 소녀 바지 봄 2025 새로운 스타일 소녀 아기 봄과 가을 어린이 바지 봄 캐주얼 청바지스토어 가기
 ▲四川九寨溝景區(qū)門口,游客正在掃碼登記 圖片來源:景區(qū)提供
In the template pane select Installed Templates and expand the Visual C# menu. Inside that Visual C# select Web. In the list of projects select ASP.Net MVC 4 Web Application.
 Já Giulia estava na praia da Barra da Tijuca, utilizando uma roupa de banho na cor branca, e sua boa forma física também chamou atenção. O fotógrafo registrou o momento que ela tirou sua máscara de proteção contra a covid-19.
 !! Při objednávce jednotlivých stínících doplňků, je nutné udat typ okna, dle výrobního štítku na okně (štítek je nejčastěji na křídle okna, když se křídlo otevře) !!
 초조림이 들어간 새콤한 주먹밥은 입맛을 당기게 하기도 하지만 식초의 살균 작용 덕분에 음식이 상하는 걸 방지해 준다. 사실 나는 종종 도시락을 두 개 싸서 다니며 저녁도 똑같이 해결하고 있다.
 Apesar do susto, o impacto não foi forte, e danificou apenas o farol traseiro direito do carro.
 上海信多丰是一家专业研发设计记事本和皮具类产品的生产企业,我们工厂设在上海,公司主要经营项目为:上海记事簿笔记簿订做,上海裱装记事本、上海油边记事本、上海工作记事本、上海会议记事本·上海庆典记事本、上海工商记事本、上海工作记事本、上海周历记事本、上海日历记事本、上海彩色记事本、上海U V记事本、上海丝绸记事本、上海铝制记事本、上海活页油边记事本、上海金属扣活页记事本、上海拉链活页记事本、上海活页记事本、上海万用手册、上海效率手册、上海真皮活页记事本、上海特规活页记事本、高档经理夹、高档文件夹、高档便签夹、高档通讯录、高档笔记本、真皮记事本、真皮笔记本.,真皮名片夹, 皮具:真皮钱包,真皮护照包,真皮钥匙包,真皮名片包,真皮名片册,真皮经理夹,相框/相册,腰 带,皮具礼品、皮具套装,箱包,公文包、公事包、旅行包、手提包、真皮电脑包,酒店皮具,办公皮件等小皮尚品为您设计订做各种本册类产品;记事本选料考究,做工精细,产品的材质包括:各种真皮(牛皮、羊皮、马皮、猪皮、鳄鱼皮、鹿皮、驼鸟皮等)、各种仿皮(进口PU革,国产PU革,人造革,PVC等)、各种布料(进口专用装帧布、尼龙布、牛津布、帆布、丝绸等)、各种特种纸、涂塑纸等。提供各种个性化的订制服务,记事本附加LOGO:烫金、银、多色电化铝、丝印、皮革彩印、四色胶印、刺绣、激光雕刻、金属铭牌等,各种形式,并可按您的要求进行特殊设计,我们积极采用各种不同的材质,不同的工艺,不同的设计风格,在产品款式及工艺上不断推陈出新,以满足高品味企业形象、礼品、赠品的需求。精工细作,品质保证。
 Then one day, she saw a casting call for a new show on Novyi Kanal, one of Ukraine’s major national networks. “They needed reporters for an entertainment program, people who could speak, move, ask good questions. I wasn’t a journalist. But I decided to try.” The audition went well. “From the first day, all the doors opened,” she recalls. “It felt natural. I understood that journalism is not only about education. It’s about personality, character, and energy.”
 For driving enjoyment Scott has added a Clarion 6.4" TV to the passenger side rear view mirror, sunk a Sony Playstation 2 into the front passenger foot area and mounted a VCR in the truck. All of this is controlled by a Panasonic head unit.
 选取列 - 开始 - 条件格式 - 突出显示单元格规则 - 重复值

------------------------

All lines above from the one holding "초조림이 들어간 새콤한" to the one holding "Apesar do susto, o", inclusive, are to be copied exactly; no other line is wanted.

 초조림이 들어간 새콤한 주먹밥은 입맛을 당기게 하기도 하지만 식초의 살균 작용 덕분에 음식이 상하는 걸 방지해 준다. 사실 나는 종종 도시락을 두 개 싸서 다니며 저녁도 똑같이 해결하고 있다.
 Apesar do susto, o impacto não foi forte, e danificou apenas o farol traseiro direito do carro.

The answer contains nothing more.